The Los Angeles County Sheriff’s Department is tripling the number of homicide detectives investigating the biggest fire in county history.

About 10 detectives will be added this weekend to the four already working the case, Lieutenant Liam Gallagher said in an interview.

“We are in the very early stages and we’re working around the clock,” Gallagher said.

Officials are keeping mum on their evidence to avoid alerting the people who set the blaze that led to the death of two firefighters. Besides the homicide unit, arson investigators from the Sheriff’s Department and the U.S. Forest Service are also participating.

The so-called Station fire, which began on Aug. 26, has injured eight people and burned 148,258 acres, an area the size of Chicago. It has destroyed 141 structures, including 64 homes, and was 42 percent contained as of yesterday morning.
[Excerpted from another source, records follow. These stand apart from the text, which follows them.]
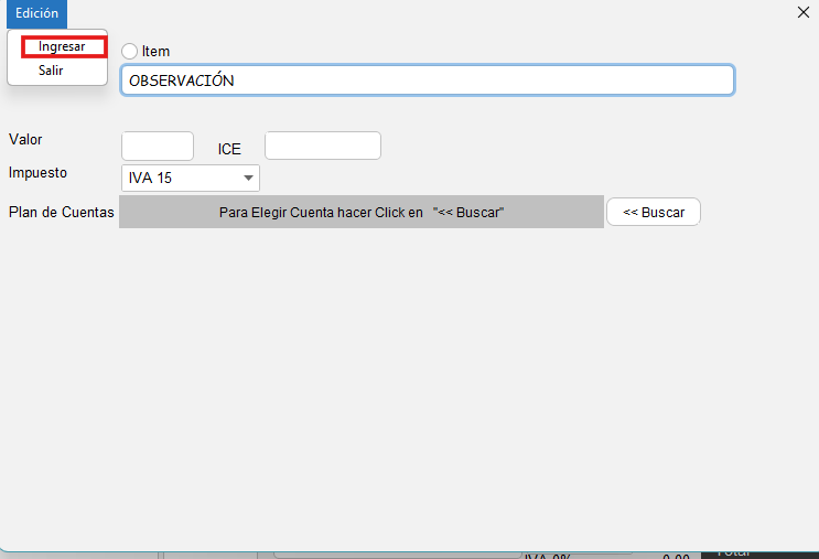 - Posteriomente, presione el botón "Agregar detalle", en esta pantalla usted puede ingresar una observacion (detalle) o un item, coloque la información necesaria y presione "Edición" e "Ingresar".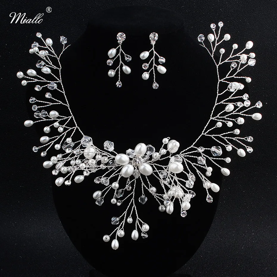 Miallo Handmade Ivory White Pearls Necklace And Earrings Sets Bridal Jewelry Pearl Sets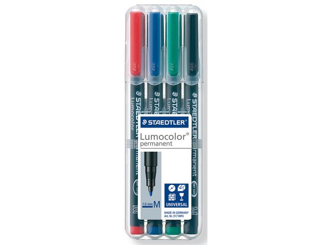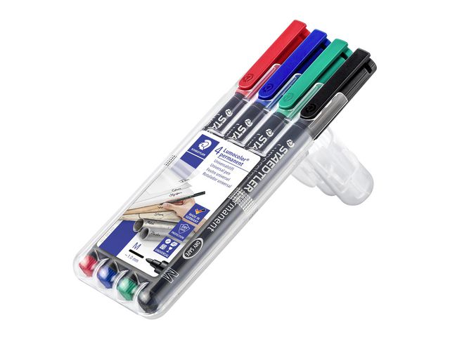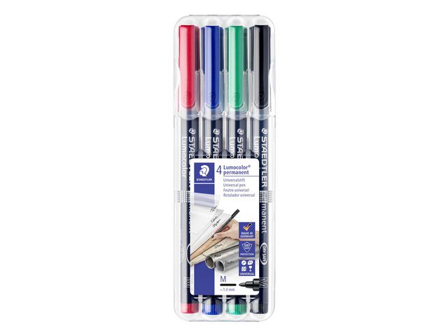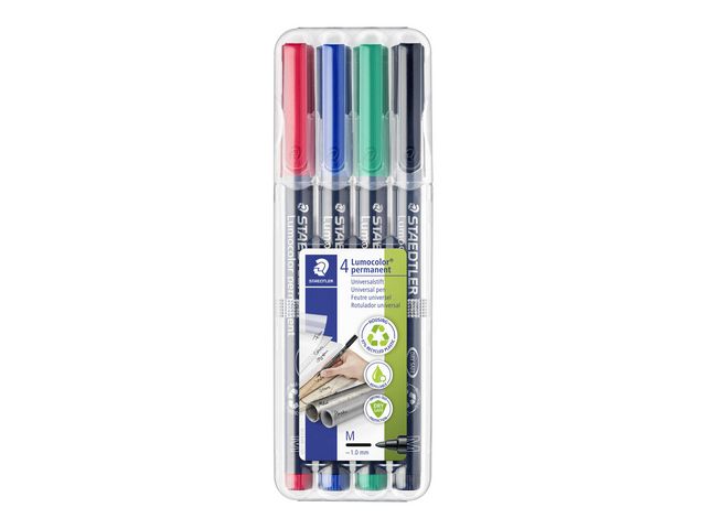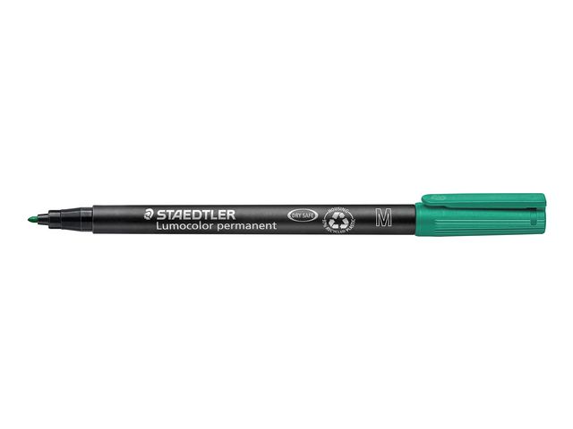 Lumocolor® permanent penna tillverkad av 97 % återvunnen pre-consumer plast, för användning på praktiskt taget alla ytor. Lämplig för overheadfilm. Även lämplig för användning på CD/DVD samt märkning på metall, plast, trä och andra icke-absorberande ytor. Utmärkt kvalitet, smutsavvisande och vattentät. Torkar på några sekunder, därför idealisk för vänsterhänta användare. Permanent, luktfritt bläck. Ljusäkta och väderbeständig i svart färg. PP skaft och hätta säkerställer lång livslängd. kan ligga utan hätta i dagar utan att torka ut. Flygsäker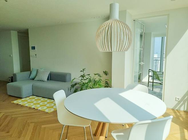 가장 좋아하는 구도의 우리 집 모습입니다. 원형의 다이닝 테이블에서부터 안방 확장면 베란다 도어와 라운지 체어까지 예쁜 것들이 한눈에 들어와서 좋아요.
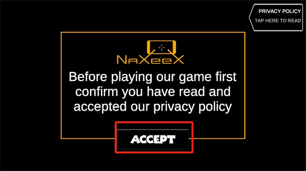 1、打開(kāi)游戲,在游戲進(jìn)入之前會(huì)有一個(gè)協(xié)議,點(diǎn)擊【accept】同意協(xié)議,然后就可以進(jìn)入到游戲環(huán)節(jié);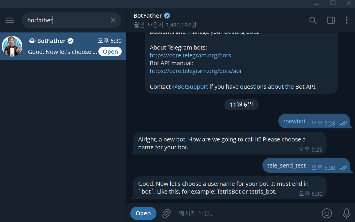 마지막은 bot이 들어가야 합니다. 예) tele_send_test_bot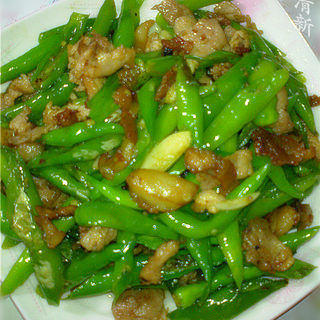 原料:小青椒、带皮猪肉、大蒜头、味精、油、盐、老抽。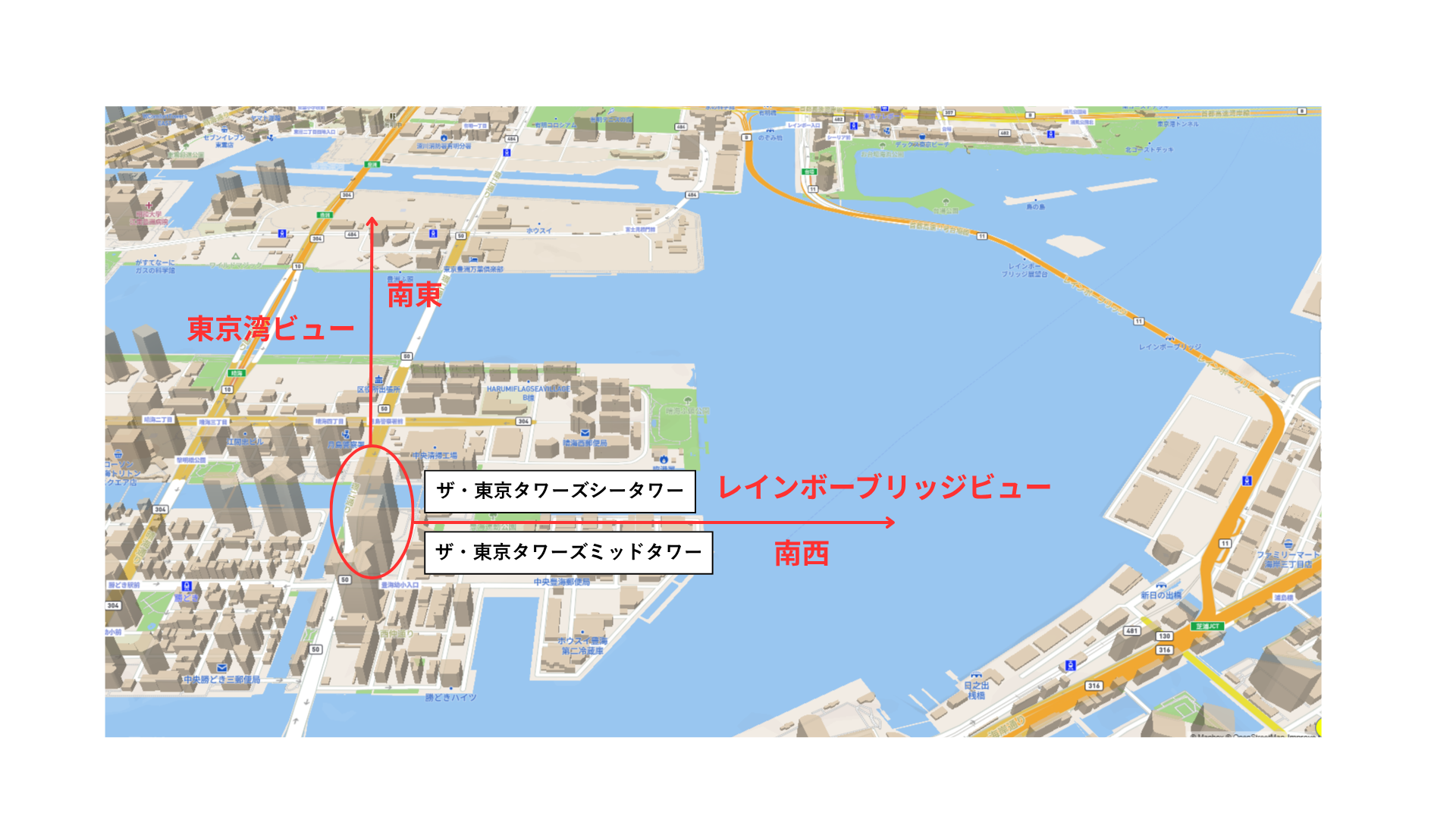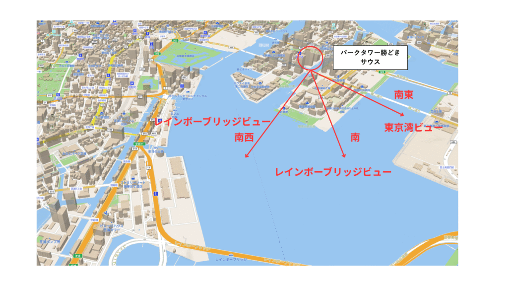 南西:レインボーブリッジを正面に望むことができ、夜景や開放感の面で圧倒的な価値。 南東:東京湾の水平線まで見渡せる景観が魅力。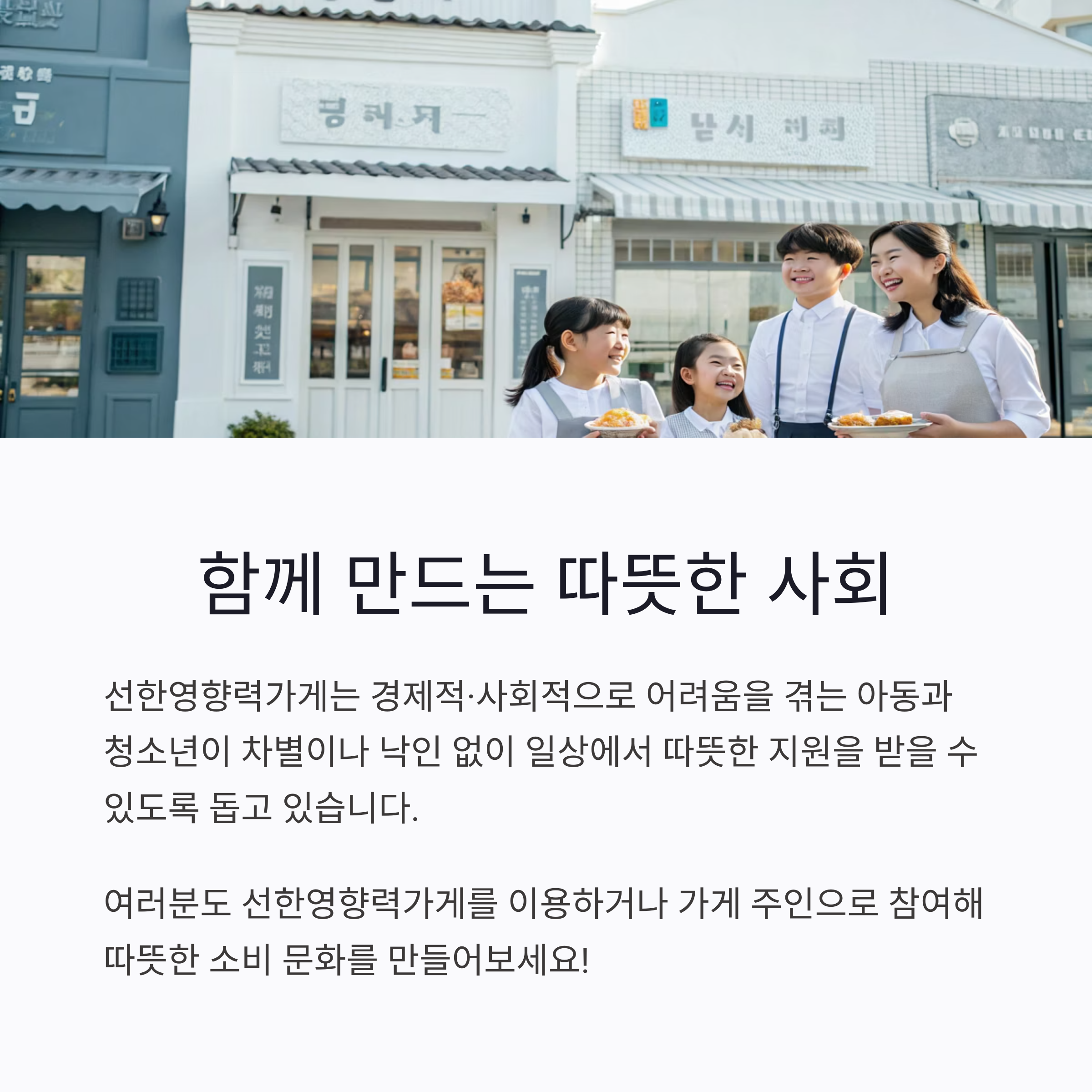 즉, 선한영향력가게는 경제적·사회적으로 어려움을 겪는 아동과 청소년이 차별이나 낙인 없이 일상에서 따뜻한 지원을 받을 수 있도록 돕는 역할을 하고 있습니다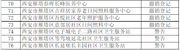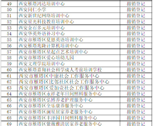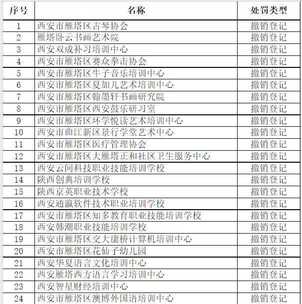 经核查,下列76家社会团体和民办非企业单位连续两年未参加年检,分别违反了《社会团体登记管理条例》第二十八条的规定和《民办非企业单位登记管理暂行条例》第二十三条规定。依据《社会团体登记管理条例》第三十条规定、《民办非企业单位登记管理暂行条例》第二十五条规定及《民办非企业单位年度检查办法》和《民政部关于开展“僵尸型”社会组织专项整治行动的通知》要求,以下机构违反了行政管理秩序,根据情节严重程度,西安市雁塔区民政局对这76家社会组织分别予以撤销登记和警告的处罚。现就处罚社会组织名单予以公示。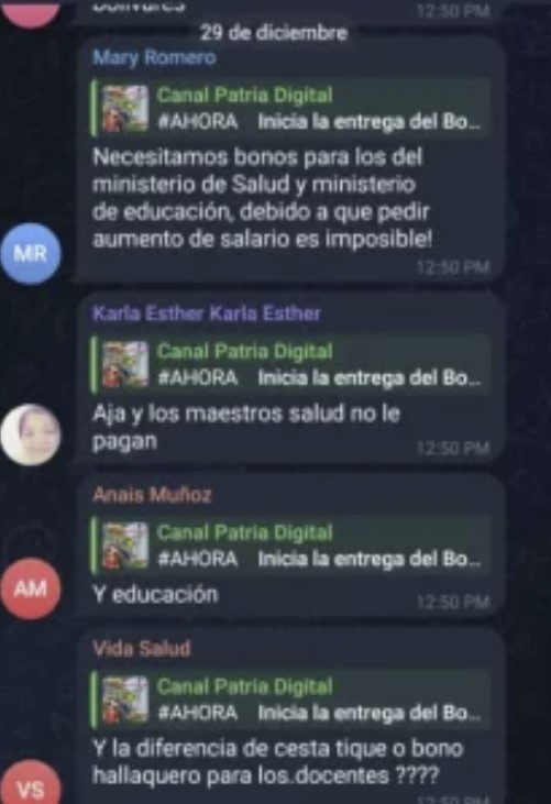 30-12-23.-La noticia del pago del bono Cuadrantes de Paz a funcionarios de seguridad del Estado por un monto de casi 50 dólares enfureció a educadores del país, quienes expresaron su descontento a través de la mensajería en el canal Patria Digital de Telegram la mañana de este viernes 29 de diciembre.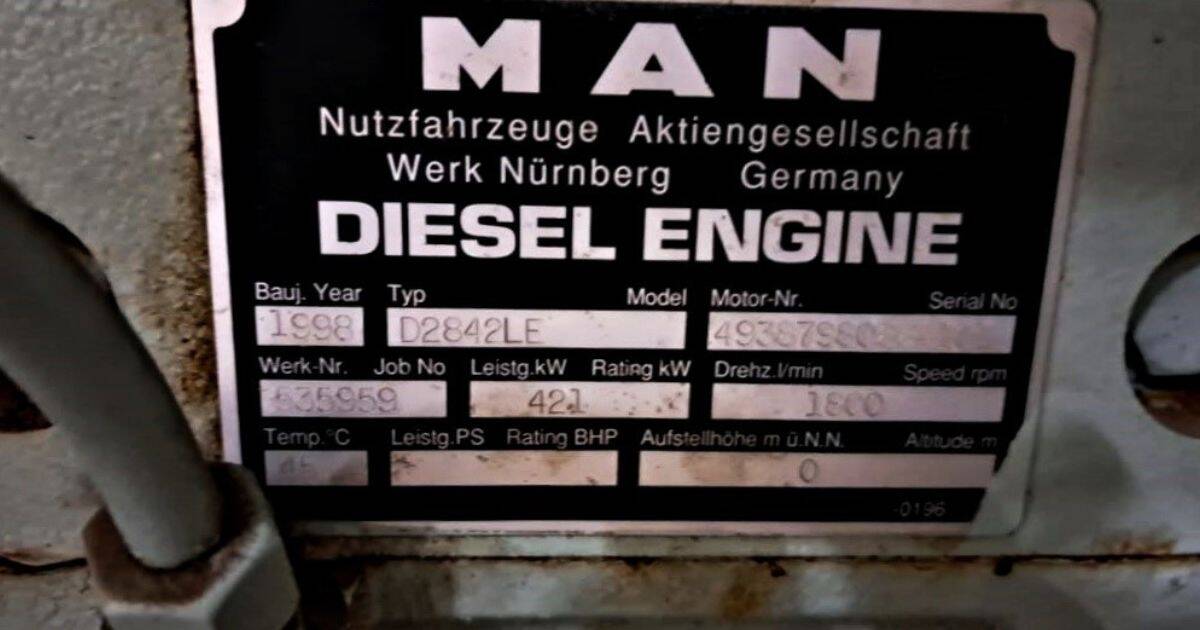 This 1998 D2842LE GENSET 400kw 500kva 1800rpm 60hz DG set represents a premium industrial power solution from MAN B&W. The diesel generator set combines the proven D2842LE engine with robust generator components for reliable power generation.
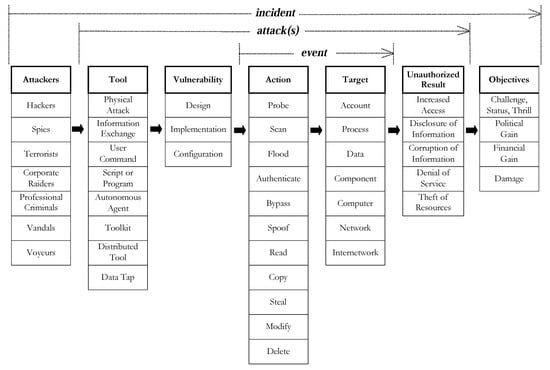 - Howard, J.D.; Longstaff, T.A. A Common Language for Computer Security Incidents; Sandia National Labs.: Livermore, CA, USA, 1998. [Google Scholar]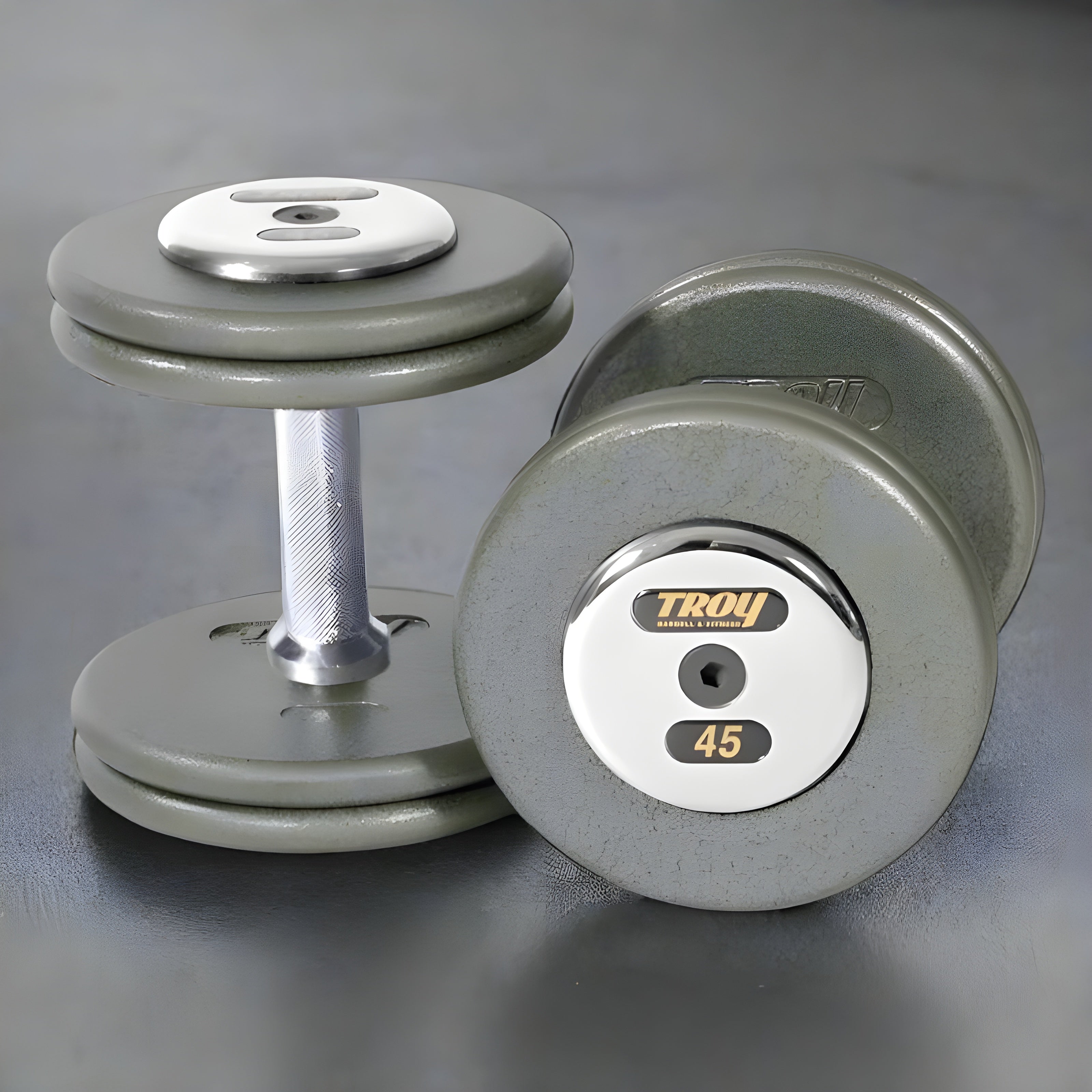 Searching for a Premium Dumbbell Set? Discover the Troy HFD-C Pro Style Dumbbells!The Troy HFD-C Pro Style Hammer-tone Gray Dumbbell Sets with Chrome End Caps are built for commercial-grade durability and exceptional performance. These Troy dumbbells feature robust steel alloy bolts, 27mm straight handles with deep-set knurling for superior grip, and premium gray hammer-tone plates. The chrome end caps, engraved with the TROY name and numbered tags, offer an elegant touch and easy identification. This dumbbell set is perfect for gyms and fitness enthusiasts looking for reliable, professional equipment.UPGRADE YOUR GYM TODAY! Invest in the Troy HFD-C Pro Style Dumbbells for a durable and stylish dumbbell set that meets commercial standards. These Troy dumbbells are perfect for gyms, studios, or home fitness spaces. Start building your strength with this premium dumbbell set today!

The Forest Service expects it to be under control by Sept. 15.

The fire’s name comes from its origination near a ranger station at the entrance to the Angeles National Forest near the suburb of La Canada Flintridge.

Materials used to start or accelerate flames were found at the site, the Los Angeles Times reported, citing an unidentified person close to the investigation.

By naming arson as the cause, investigators are signaling they probably have either physical evidence such as gasoline cans or eyewitness testimony, said Glenn Corbett, a professor of fire science at John Jay College of Criminal Justice, which is part of the City University of New York.

If containers for gasoline or other flammable materials were found at the scene, investigators will try to determine where they were made and sold, Corbett said.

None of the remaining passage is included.